I'm 18 and have been working full time since I was 17. I work shift work at the moment, have done for the past 5 months (4am to 12pm) I have to get up at 3am to leave at 3:30am.
I can understand why your son wants to have a shower when he first gets out of bed, Generally people will have a shower before the leave to go to work to wake themself up abit, At 3am or even 2am in the morning it's cold and your body doesn't want to function especially after getting out of a warm bed, so a nice hot shower generally is required to get you motivated for the day. Also as said about the rules apart of HACCP in the food industry are quiet strict regarding personal hygiene etc.
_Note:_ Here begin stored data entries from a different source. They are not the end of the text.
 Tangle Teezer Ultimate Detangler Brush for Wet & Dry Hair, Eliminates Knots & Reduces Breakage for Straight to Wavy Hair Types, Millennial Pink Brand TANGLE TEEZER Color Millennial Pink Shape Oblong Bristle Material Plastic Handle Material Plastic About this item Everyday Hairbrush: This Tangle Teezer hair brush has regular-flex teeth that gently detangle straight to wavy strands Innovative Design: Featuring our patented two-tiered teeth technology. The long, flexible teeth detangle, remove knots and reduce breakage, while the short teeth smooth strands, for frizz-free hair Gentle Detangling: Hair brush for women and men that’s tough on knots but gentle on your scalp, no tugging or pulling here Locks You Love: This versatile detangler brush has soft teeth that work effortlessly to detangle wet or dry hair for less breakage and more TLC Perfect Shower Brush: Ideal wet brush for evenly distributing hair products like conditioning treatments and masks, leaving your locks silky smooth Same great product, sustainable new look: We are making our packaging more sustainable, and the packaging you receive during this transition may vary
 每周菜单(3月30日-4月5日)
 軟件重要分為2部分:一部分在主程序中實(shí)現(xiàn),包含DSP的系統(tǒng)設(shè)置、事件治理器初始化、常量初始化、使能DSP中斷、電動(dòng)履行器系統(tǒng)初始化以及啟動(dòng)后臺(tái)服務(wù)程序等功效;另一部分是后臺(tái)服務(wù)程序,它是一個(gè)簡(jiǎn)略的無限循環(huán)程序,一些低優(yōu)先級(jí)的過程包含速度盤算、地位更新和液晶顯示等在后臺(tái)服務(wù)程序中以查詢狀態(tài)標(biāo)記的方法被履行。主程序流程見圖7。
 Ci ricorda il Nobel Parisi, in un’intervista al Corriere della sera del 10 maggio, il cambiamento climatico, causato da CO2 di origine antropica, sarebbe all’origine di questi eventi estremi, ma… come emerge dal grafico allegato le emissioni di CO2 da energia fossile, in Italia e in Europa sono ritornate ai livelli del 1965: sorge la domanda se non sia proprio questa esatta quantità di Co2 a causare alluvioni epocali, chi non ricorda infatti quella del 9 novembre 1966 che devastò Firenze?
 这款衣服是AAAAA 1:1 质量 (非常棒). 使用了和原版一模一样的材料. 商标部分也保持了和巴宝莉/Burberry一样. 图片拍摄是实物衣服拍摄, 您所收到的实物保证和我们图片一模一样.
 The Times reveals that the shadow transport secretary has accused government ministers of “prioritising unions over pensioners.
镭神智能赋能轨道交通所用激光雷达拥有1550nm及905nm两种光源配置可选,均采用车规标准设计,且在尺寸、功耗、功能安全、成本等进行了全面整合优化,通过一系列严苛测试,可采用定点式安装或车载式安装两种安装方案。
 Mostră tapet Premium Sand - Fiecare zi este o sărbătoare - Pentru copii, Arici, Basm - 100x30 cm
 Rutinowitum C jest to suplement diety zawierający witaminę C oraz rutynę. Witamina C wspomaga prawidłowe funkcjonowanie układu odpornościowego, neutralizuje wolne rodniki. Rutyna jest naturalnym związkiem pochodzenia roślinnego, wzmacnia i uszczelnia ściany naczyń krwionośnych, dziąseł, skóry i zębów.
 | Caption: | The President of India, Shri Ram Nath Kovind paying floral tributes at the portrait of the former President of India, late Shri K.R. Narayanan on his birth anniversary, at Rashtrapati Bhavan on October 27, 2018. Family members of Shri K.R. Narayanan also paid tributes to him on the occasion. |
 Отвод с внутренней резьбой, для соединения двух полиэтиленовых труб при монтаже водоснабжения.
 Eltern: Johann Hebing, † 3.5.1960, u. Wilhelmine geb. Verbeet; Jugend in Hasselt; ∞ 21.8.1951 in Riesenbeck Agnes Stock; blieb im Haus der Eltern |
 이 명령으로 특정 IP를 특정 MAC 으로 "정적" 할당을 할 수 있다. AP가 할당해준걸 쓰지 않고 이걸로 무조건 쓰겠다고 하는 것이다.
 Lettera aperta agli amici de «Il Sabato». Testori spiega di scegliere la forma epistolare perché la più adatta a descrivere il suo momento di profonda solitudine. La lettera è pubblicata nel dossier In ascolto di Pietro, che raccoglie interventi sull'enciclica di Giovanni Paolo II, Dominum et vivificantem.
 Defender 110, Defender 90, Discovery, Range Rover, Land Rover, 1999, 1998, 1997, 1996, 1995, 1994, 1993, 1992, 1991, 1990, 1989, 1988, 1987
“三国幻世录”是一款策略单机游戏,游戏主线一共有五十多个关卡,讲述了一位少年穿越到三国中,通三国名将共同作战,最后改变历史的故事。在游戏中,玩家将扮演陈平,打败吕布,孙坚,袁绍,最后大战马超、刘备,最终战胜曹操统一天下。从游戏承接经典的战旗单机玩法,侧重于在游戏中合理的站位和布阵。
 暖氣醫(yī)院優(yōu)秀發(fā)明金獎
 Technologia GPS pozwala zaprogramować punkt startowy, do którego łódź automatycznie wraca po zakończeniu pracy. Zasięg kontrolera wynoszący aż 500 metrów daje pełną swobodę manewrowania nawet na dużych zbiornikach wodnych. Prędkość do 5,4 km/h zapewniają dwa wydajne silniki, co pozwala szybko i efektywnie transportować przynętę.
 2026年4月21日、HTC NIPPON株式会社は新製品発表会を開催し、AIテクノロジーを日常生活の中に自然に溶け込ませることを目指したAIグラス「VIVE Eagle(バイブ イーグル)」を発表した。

The way the shifts are in our house goes like this:
Me: 4am to 12pm
Mum: 9pm to 5am
Ivan: 6am to 4pm
So people are waking up / leaving at different times of the day, yet we all seem to work together so that people don't disrupt anyone else's sleep patterns etc. When I first started this role, no one use to wake up when I left, However I did have a complaint from the neighbour across the road over my cars exhaust system being loud, despite the fact that I drive queitly at that time of morning. I got the exhaust changed anyway.
Perhaps sitting your son down and having a talk about his job and your job, plus what is required around the house and that everyone needs to help out. Explain to your son that you're curtious to him when he's trying to sleep as he should be to you. It's not that hard to be quiet around the house, you'll soon learn how to do things without waking someone up.
As to the "board / rent" situation - Regardless of whether you're on family payments or not and your son is working, You should discuss with him about setting up a board - I use to pay $80 a fortnight when I was 16 and my mother still got payments for me. Once the payments stopped it went up to $80 a week. Now I pay $150 a week, I've actually been paying rent for the past 2 months ($270 a week) To help the family out.
Also to get your son to help out around the house, prehaps try a different route in communicating with him, instead of saying "this is my house, these are my rules, you must obey them" or along those lines. Sit him down, talk to him about chores or jobs that he can do around the house that will help you and him both out. Give him some simple suggestions that he could do to help you out, He gets home alot earlier than you do so maybe suggest if he can put a load of washing on, vaccuum the house and explain that all these little things add up and help everyone out.
I just wanted to add, I don't think that you're being unfair in your requests - But knowing teenagers he's probably seeing it as some form of personal attack and doesn't understand what his actions are causing to the rest of the household. Again communication in a nice manner could really help this situation. I read above that someone mentioned that they got on better with their partners parents as they treated them like a friend instead of a parent - You stated that you're his mother not a friend. Maybe if you can bring those 2 things together, To be a mother and a friend to him he might realise what his actions are causing and might shape up to help you out and do the right thing by you.